Group of Eight finance ministers agreed last weekend to write off more than $40 billion in debt owed by the world’s poorest countries. The agreement is a critical first step in efforts to help lift these nations out of grinding and enduring poverty. The deal is only a beginning, however. Success will depend on a package of initiatives that will include increased aid and a more level playing field in trade. Most important is the need to follow the words with action. The world’s richest nations should follow through on their promises.
Britain, the host of this year’s G8 meeting, has made debt relief the cornerstone of the annual leaders’ summit that will be held early next month in Scotland. Chancellor of the Exchequer Gordon Brown has made the issue a personal cause (a move that will no doubt strengthen his hand in the fight to succeed British Prime Minister Tony Blair). Months of difficult negotiations yielded a meeting in which the ministers were, according to Mr. Brown “united with a shared purpose.”

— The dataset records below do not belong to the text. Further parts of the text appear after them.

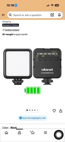 ULANZI VL49 2000mAh LED Video Light w 3 Cold Shoe, Rechargeable Soft Light Panel$15Arcadia, CA
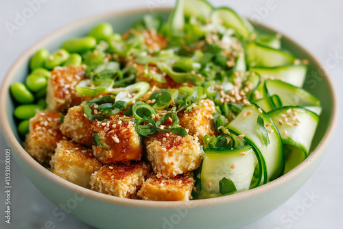 crispy, tofu, bowl, spring, food, sesame, cucumber, healthy, vegan
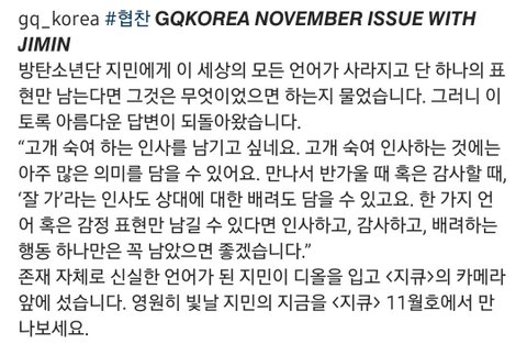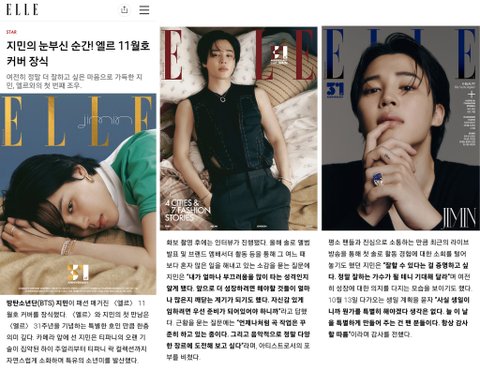 지민의 눈부신 순간! 엘르 11월호 커버 장식

Debt relief is a priority for developed and developing nations alike, but how that is best achieved, and more importantly, how poverty can be eliminated are still disputed. The billions of dollars owed by the world’s poorest countries are a crushing burden, and lifting it is urgently needed. The agreement reached last weekend immediately erases some $40 billion owed by 18 of the Heavily Indebted Poor Countries (HIPC), the most desperate countries, to international financial institutions such as the International Monetary Fund and the World Bank. The deal will save them about $1.5 billion a year in debt repayments.
More countries could qualify for relief if they meet strict targets for good governance and fighting corruption. The larger package could up total relief to more than $55 billion. But debt relief, while necessary, is not sufficient to achieve the United Nations pledge to halve world poverty by 2015. And, it should be noted, there are 38 HIPCs; this agreement, even with the second phase, only includes 28 of them.
Another step is also critical: a level playing field in trade. All countries need markets for their goods if they are to accumulate the wealth that will lift them out of poverty, yet the primary exports of many of the poorest countries are agricultural products and this is where developed nations are most resistant to change. Eliminating these trade barriers is not just a matter for industrialized nations as so often it appears to be the case given their squabbles in trade negotiations. Rather, it is a life or death issue for developing nations.
The challenge for the G8 is two-fold. First, it must agree on cuts on agricultural trade barriers, which has been the biggest obstacle to progress in the Doha Round of world trade negotiations. There are signs that an agreement is possible, but Japan, the European Union and the United States must be ready to fight entrenched domestic political interests to see it through. As always, that is a difficult proposition.
The second challenge is replenishing the international development banks. Debt repayments provide those institutions with funds for future lending. Canceling debt without finding an alternative source of revenue risks starving the lending institutions. Some critics worry that this might be one of the reasons hat some governments backed last weekend’s deal. To counter that charge, rich countries must provide, one way or another, extra money to financial institutions adversely affected by the debt relief.
There are several proposals designed to ensure that there is no shortfall. Mr. Brown has called for an International Finance Facility (IFF) that would issue bonds using rich nations’ development budgets as collateral. This would double aid to the poorest countries to $100 billion. His suggestion was opposed by both Japan and the U.S. Instead, Britain will initiate a pilot IFF project that will provide funds for vaccination programs in Africa.
France and Germany proposed a tax on airline tickets. French President Jacques Chirac has said that a $1 levy on every ticket sold could raise $10 billion. This too has been opposed by several governments, but the G8 has agreed to study the proposal. Mr. Brown has also proposed selling or revaluing the IMF’s gold reserves and using the proceeds to finance development, although his current plan seems to rule that out.
Other nations, most notably the U.S. and Japan, prefer to rely on bilateral aid programs. The U.S. has the Millennium Development Account. It was set up in 2004 and has received $2.5 billion in funds over two years, although it has been slow to pay them out. Like Japan’s aid programs, it encourages recipient governments to develop more activist policies that promote growth. Ultimately, that is the sort of partnership that will reduce the poverty that blights the lives of billions of people.